Reproduce only the lines below from the line containing "Заучивание потешек с" to the line containing "bei dem Batterie-VE301B2", exactly as written, with both end lines kept. Omit the pictures.

> _Data to use_:
------------------------

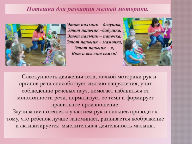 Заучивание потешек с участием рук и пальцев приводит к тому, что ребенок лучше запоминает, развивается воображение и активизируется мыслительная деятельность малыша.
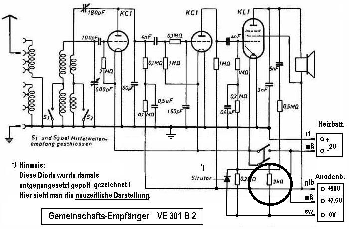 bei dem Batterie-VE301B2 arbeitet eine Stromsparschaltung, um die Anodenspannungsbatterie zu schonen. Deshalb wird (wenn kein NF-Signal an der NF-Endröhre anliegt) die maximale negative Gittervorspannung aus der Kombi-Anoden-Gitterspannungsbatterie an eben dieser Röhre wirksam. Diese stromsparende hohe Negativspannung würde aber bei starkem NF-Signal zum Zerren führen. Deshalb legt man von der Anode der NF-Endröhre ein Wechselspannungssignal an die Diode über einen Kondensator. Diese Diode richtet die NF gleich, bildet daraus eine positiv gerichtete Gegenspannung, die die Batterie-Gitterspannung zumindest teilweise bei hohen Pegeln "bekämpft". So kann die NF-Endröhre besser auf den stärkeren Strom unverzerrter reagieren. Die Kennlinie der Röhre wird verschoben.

------------------------

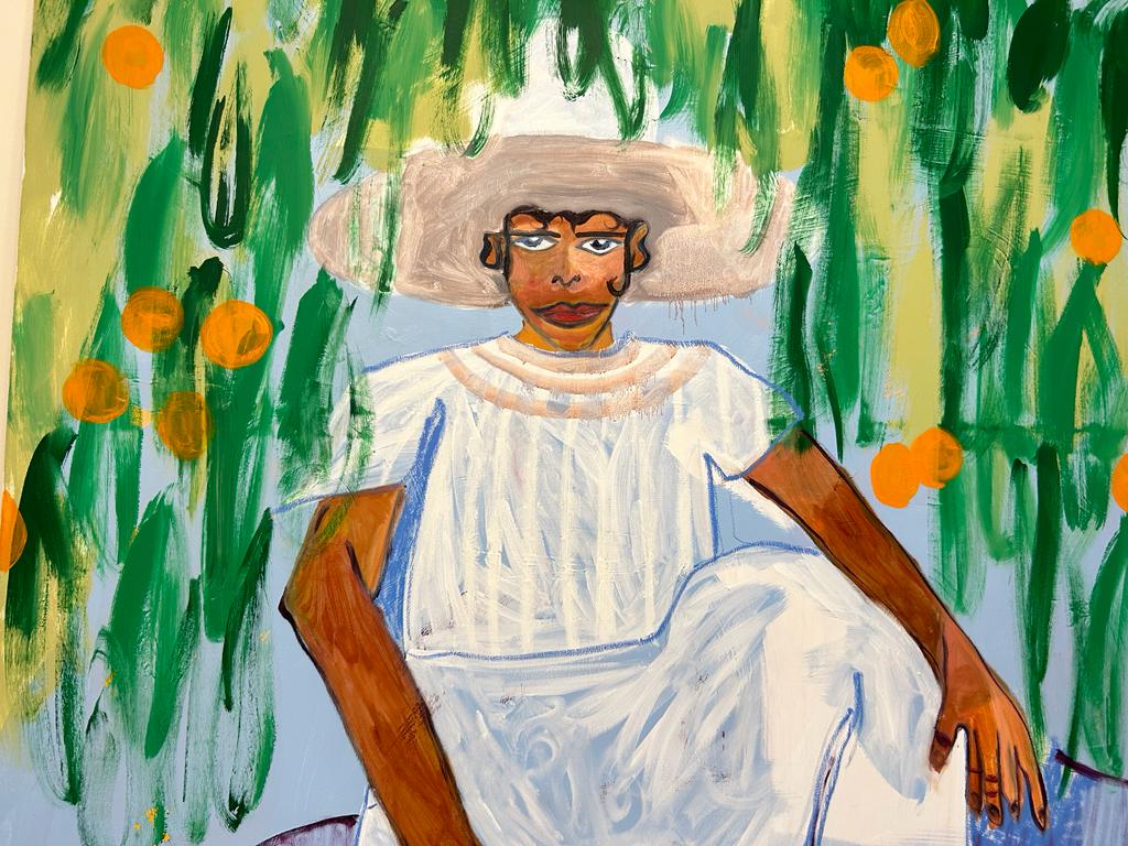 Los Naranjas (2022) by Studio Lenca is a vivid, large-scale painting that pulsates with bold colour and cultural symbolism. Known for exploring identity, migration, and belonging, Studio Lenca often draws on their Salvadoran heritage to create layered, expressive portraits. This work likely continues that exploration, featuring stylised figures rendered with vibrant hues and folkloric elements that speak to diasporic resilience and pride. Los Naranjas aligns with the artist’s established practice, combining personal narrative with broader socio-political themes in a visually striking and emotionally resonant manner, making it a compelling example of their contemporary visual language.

------------------------

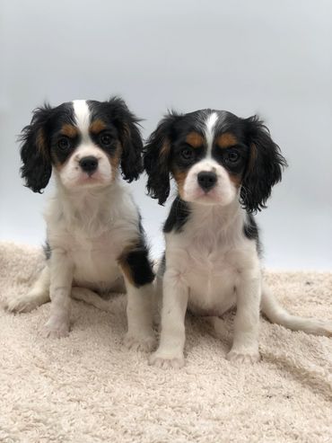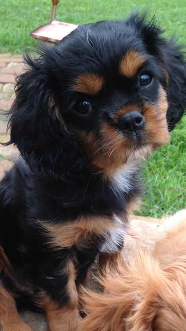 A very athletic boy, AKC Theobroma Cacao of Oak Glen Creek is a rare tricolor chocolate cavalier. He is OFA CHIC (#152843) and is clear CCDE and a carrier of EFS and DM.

------------------------

> _Solved exercise_:
 Заучивание потешек с участием рук и пальцев приводит к тому, что ребенок лучше запоминает, развивается воображение и активизируется мыслительная деятельность малыша.
 bei dem Batterie-VE301B2 arbeitet eine Stromsparschaltung, um die Anodenspannungsbatterie zu schonen. Deshalb wird (wenn kein NF-Signal an der NF-Endröhre anliegt) die maximale negative Gittervorspannung aus der Kombi-Anoden-Gitterspannungsbatterie an eben dieser Röhre wirksam. Diese stromsparende hohe Negativspannung würde aber bei starkem NF-Signal zum Zerren führen. Deshalb legt man von der Anode der NF-Endröhre ein Wechselspannungssignal an die Diode über einen Kondensator. Diese Diode richtet die NF gleich, bildet daraus eine positiv gerichtete Gegenspannung, die die Batterie-Gitterspannung zumindest teilweise bei hohen Pegeln "bekämpft". So kann die NF-Endröhre besser auf den stärkeren Strom unverzerrter reagieren. Die Kennlinie der Röhre wird verschoben.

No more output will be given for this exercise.